Tech Desk

18 October 2025, 09:14 PM IST

Nvidia CEO Jensen Huang laments losing China AI chip market: ‘Our share has fallen to zero from 95%’

‘We’ve lost it all’: Nvidia CEO laments collapse of China AI chip market | WATCH

Nvidia’s once-dominant presence in China’s high-performance AI chip sector has vanished entirely, with the company’s market share plunging from 95% to zero amid sweeping US export controls.

The company’s CEO, Jensen Huang, disclosed the decline during a Citadel Securities event in New York earlier this month, highlighting how Washington’s restrictions have locked Nvidia out of one of its most significant markets.

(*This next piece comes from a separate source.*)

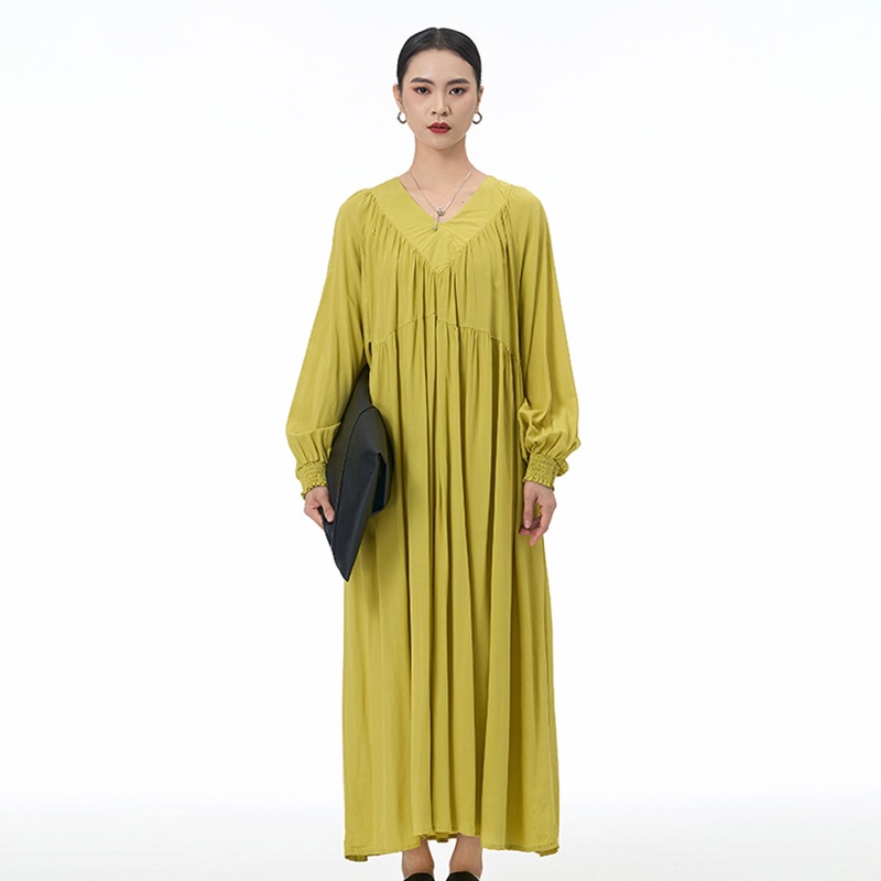 新作 韓国 デザイン 長袖ワンピース ワンピース 高級感 パーティードレス Vネック プリーツ ランタン袖 ワンピース 気質 ラウンドネック 着やせ おしゃれ ワンピース レディース
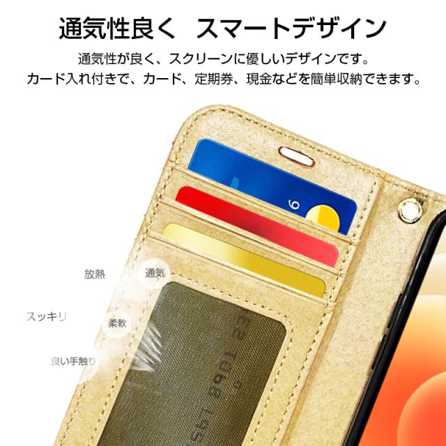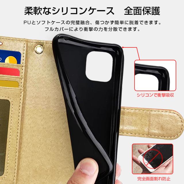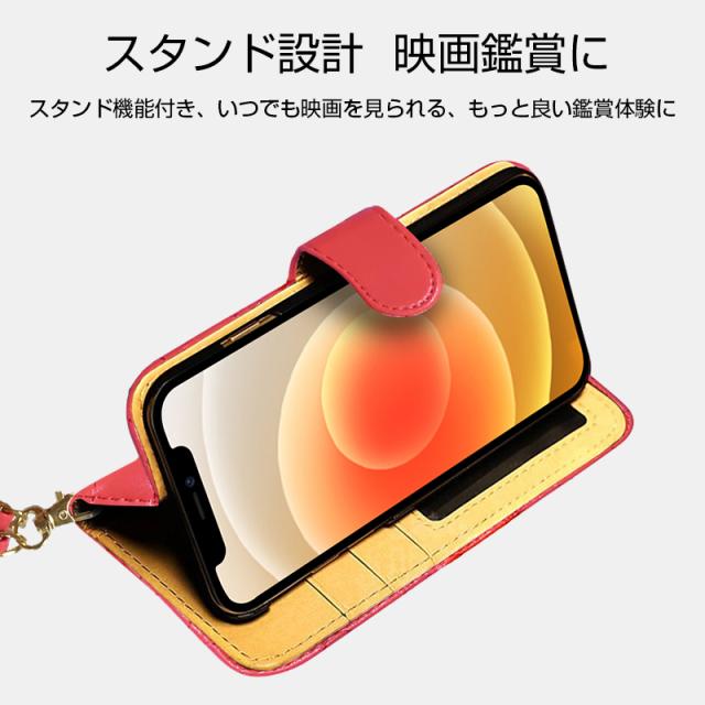 【スタンド機能&カード収納】横置きスタンド機能が付いて、ハンズフリーで、好きな角度に調節し、動画鑑賞や読書などを楽しめます。財布型ケースとして、内側には三つのカード入れとフリーポケットが付き、名刺、定期券、札などを収納出来ます。

Huang said that since the US imposed chip export curbs in 2022, Nvidia has been unable to sell its flagship A100, H100, and H200 chips to Chinese companies. “We will continue to explain and inform and hold on to hope for a change in policy,” he said, emphasising that the ban harms not only Nvidia but both economies. “What harms China could oftentimes also harm America, and even worse,” he added, noting that nearly half of the world’s AI researchers are based in China.

While the US government has allowed Nvidia to produce a scaled-down H20 chip for the Chinese market, Huang said the company continues to face barriers. Chinese regulators have reportedly launched a security probe into the H20, while local firms have been instructed to avoid the product.

The restrictions have accelerated China’s push for semiconductor self-sufficiency, boosting domestic rivals such as Huawei Technologies. Huawei has made rapid progress in AI chip development, employing advanced manufacturing techniques and alternative processing methods to fill the void left by Nvidia’s exit.

Industry analysts warn that Nvidia’s exclusion could reshape the global AI ecosystem, as China’s state-backed innovation efforts gain momentum. “It’s a mistake not to have those researchers build AI on American technology,” Huang cautioned, arguing that isolation undermines US leadership in artificial intelligence.

Recent reports also indicate that China’s Cyberspace Administration has banned tech companies, including Alibaba and ByteDance, from buying or testing Nvidia’s locally adapted RTX Pro 6000D servers, further eroding Nvidia’s position.

As the global AI chip race intensifies, Huang’s remarks underline a growing rift between technological innovation and geopolitical strategy, with both China and the US seeking to dominate the next era of artificial intelligence.